# [WORK ORDER]
Pictures excluded, copy word for word the lines from the one holding "Слайд 158) Игры" through the last line below.

━━━━━ AVAILABLE RECORDS ━━━━━

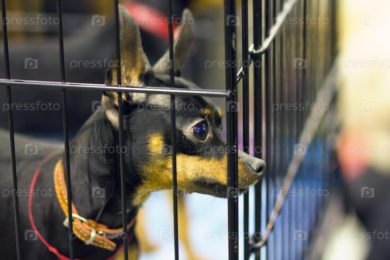 Собака породы пражский крысарик в клетке
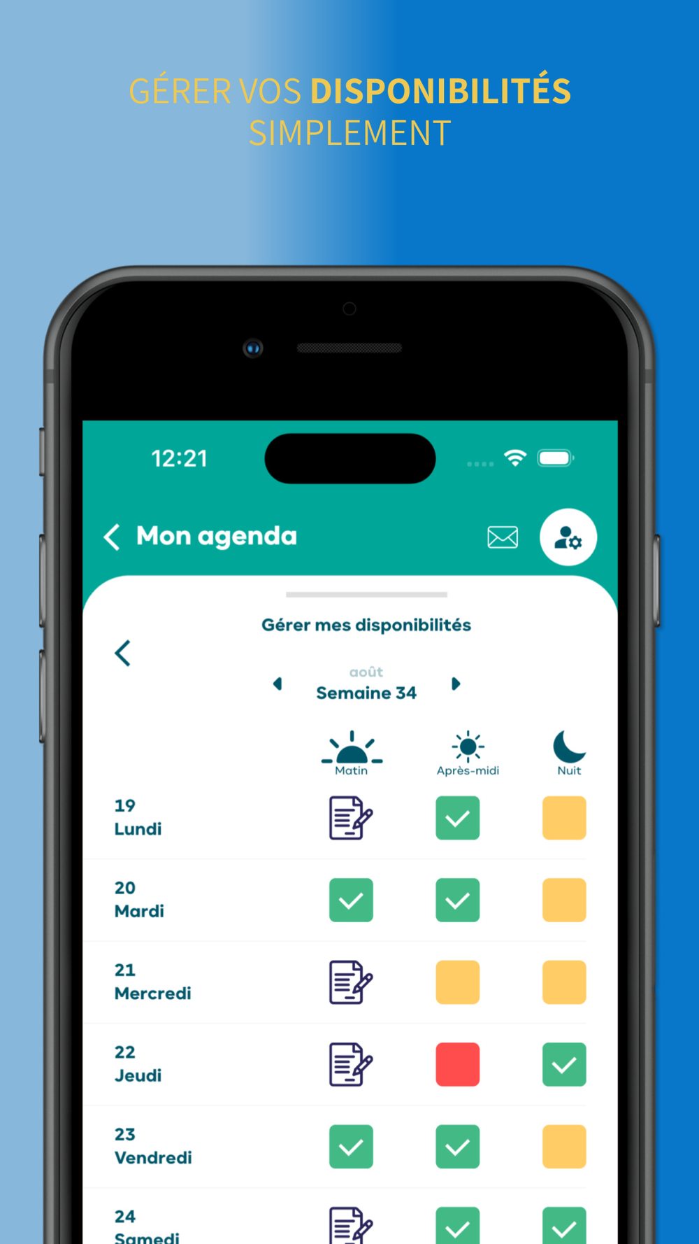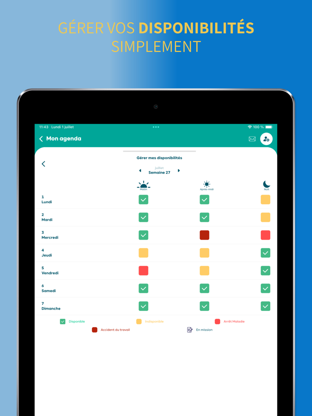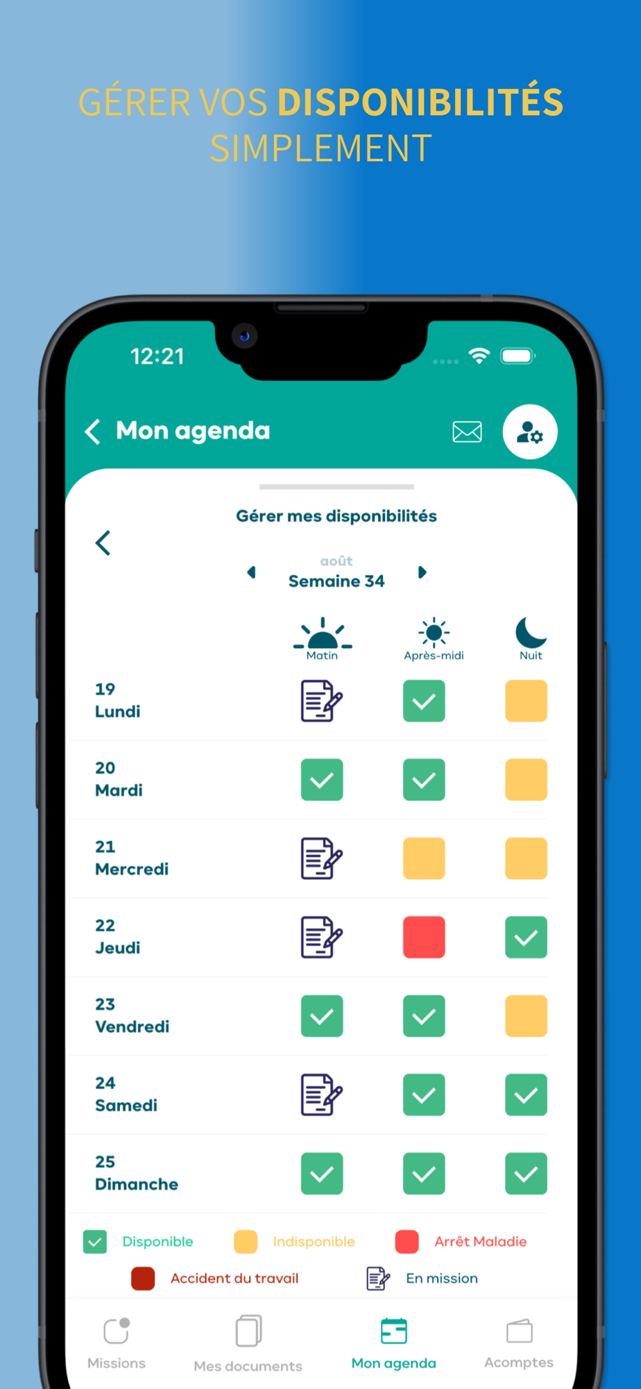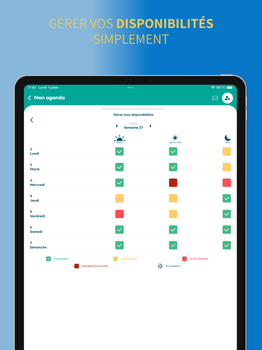 • Retrouver l'ensemble des missions qui vous sont confiées dans votre planning, indiquer vos disponibilités ou indisponibilités,
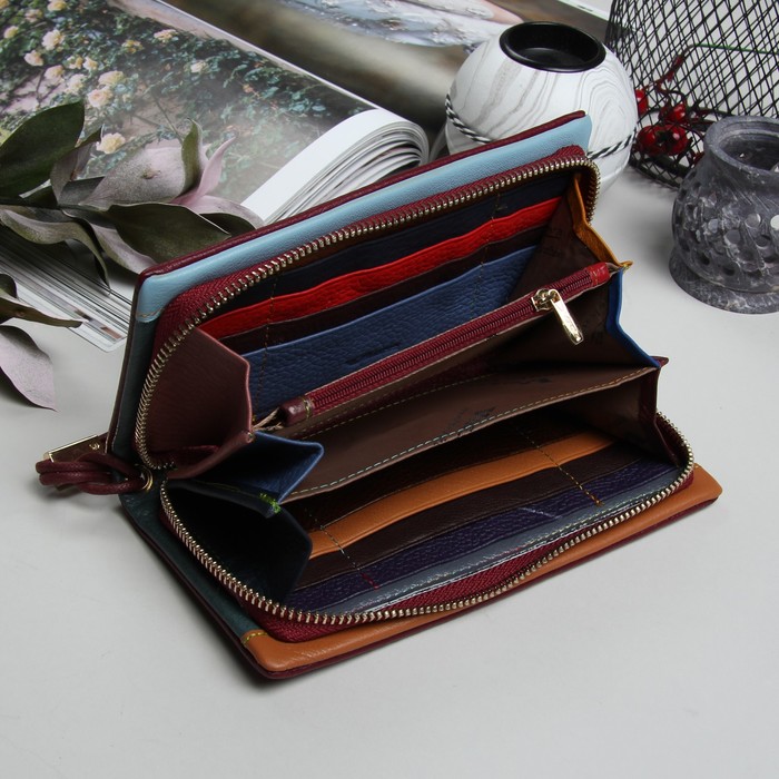 Кошелёк женский, 3 отдела, для карт, для монет, на молнии, наружный карман, цвет бордовый
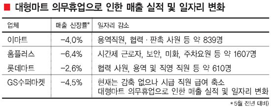 박이준 한재미나리영농법인 대표는 “일요일 의무휴업으로 인해 법인매출 타격이 연중 15% 수준인 15억원 정도가 될 것으로 예상된다”며 “사실상 대책이 없어 농가 피해가 막심할 것으로 안다”고 근심을 표했다. 수산물도 상황은 거의 다르지 않다. 대형마트에 생고등어와 자반을 납품하는 세동상사는 연매출 150억원 중 대형마트와의 거래량이 약 120억원에 달한다. 박태근 세동상사 부사장은 부산공동어시장에서 중매인으로도 활동중인데 재래시장상인을 보호하기 위한 법 자체엔 공감을 하지만 안정적인 판로를 제공하고 있는 대형마트 의무휴업에 대해서는 납득할 수 없다는 반응이다. 마트와 거래하고 있는 대부분 협력업체 자체가 중소상인인데 평일 물량의 2배 가량 판매되는 일요일을 월 2회 쉬는 것은 평일 5회 이상 매출과 맞먹는 수준이기 때문이다. 그는 “현재 주6일 근무를 하는데 대형마트 휴무에 따라서 토요일을 쉬게 되면 공장을 주5일로 가동해야 하고 그렇게 되면 작업량이 줄어 생계 때문에 하루라도 돈을 더 벌려는 직원들이 힘들어 하고 있다”고 분위기를 전했다. 매출 근무시간 감소따라 일자리·급여 문제도그밖에 롯데마트와 SSM 대표 기업 중 하나인 GS수퍼마켓의 경우도 매출이 전체적으로 하락했다. 롯데마트의 경우 지난 5월 매출 신장률이 전년대비 -2.6%를 기록했다. 물가상승률이 약 2~3%로 볼 때 자연신장률도 약 2~3%는 높아져야 하는데 오히려 마이너스(-)대를 기록해 대형마트 의무휴업으로 인해 매출이 줄고 있음을 보여준다. GS수퍼마켓은 지난해 동기간 대비 지난 5월 한 달 매출이 약 4.5% 하락했다. GS리테일 관계자는 “휴업으로 인해 어느 특정 품목만 영향을 받는 것이 아니라 전체적인 매출이 떨어지고 있다”며 “매출 감소 영향을 최소화하기 위해 주중 판촉을 강화하고 있다”고 하소연했다. 이 관계자는 또한 “이번 매출 감소로 인해 아직까지 근무인원 감축은 없으니 휴무에 따라 근무시간이 감소함에 따라 시급직원들의 급여에는 영향을 미칠 것”이라고 설명했다. 이렇게 대형마트와 SSM 매출의 역신장 현상이 두드러지고 관련 납품 및 생산업체도 영향을 받음에 따라 내수부진과 지역경제에 미칠 부정적 여파에 대한 우려의 목소리도 높다. 황인학 한국경제연구원 기업정책연구실 수석연구위원은 “대형마트 규제가 내수에 미칠 영향은 긍정적일 수 없다”며 “마트의 판매량 감소는 납품량 감소로 이어지고 이것은 납품업체의 매출과 영업일수, 고용자 수 등에 영향을 미쳐 결국엔 악순환 구조에 빠지게 될 우려가 있다”고 지적했다. 조현수 평택대 무역학과 교수는 “마트나 시장은 유기적으로 움직이는 활동체로 봐야 하는데 법적 제한을 가하는 것은 시장이 발전, 변화해 나가는 방향에 벽을 세우는 것이나 마찬가지”라며 “대형마트 의무휴업이 재래시장에 어느 정도 영향을 줄 수는 있겠지만 근본적인 대안은 못된다”고 강조했다.이코노믹 리뷰 김은경 기자 kekisa@<ⓒ 이코노믹 리뷰(er.asiae.co.kr) - 리더를 위한 고품격 시사경제주간지, 무단 전재 및 재배포 금지>
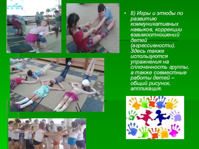 Слайд 158) Игры и этюды по развитию коммуникативных навыков, коррекции взаимоотношений детей
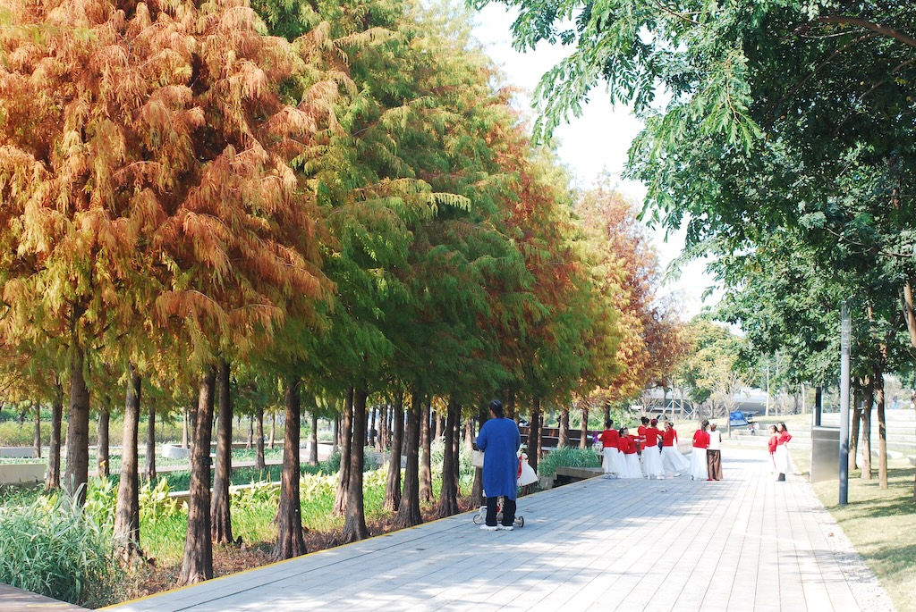 一排排的落羽杉葉子已經轉紅。
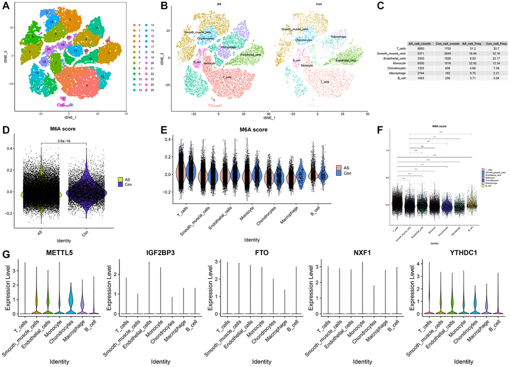 After pre-processing the GSE159677 single-cell dataset, the combined data of AS and adjacent healthy tissues were subjected to t-distributed stochastic neighbor embedding (t-SNE) non-linear dimension reduction. The segregation of all cells revealed 26 cell subclusters (Figure 5A). The “FindAllMarkers” function was used to identify DEGs in each cluster (logFC = 0.25). The “singleR” function was used to identify the following seven cell types: B cells, T cells, chondrocytes, smooth muscle cells (SMCs), macrophages, endothelial cells (ECs), and monocytes (Figure 5B). Additionally, the proportions of each cell type in AS and healthy tissues were examined. Compared with those in healthy tissues, the proportions of T cells, monocytes, and macrophages were upregulated and the proportions of SMCs and ECs were downregulated in AS tissues (Figure 5C). The m6A scores were significantly different between AS and healthy tissues (Figure 5D). The levels of m6A regulators in seven cell types are shown in Figure 5E. The m6A regulator levels significantly varied between the seven cell types (Figure 5F). METTL5 was upregulated in specific cell types, including macrophages, SMCs, and ECs (Figure 5G).

━━━━━

# [ANSWER TO THE PROBLEM]
 Слайд 158) Игры и этюды по развитию коммуникативных навыков, коррекции взаимоотношений детей
 一排排的落羽杉葉子已經轉紅。
 After pre-processing the GSE159677 single-cell dataset, the combined data of AS and adjacent healthy tissues were subjected to t-distributed stochastic neighbor embedding (t-SNE) non-linear dimension reduction. The segregation of all cells revealed 26 cell subclusters (Figure 5A). The “FindAllMarkers” function was used to identify DEGs in each cluster (logFC = 0.25). The “singleR” function was used to identify the following seven cell types: B cells, T cells, chondrocytes, smooth muscle cells (SMCs), macrophages, endothelial cells (ECs), and monocytes (Figure 5B). Additionally, the proportions of each cell type in AS and healthy tissues were examined. Compared with those in healthy tissues, the proportions of T cells, monocytes, and macrophages were upregulated and the proportions of SMCs and ECs were downregulated in AS tissues (Figure 5C). The m6A scores were significantly different between AS and healthy tissues (Figure 5D). The levels of m6A regulators in seven cell types are shown in Figure 5E. The m6A regulator levels significantly varied between the seven cell types (Figure 5F). METTL5 was upregulated in specific cell types, including macrophages, SMCs, and ECs (Figure 5G).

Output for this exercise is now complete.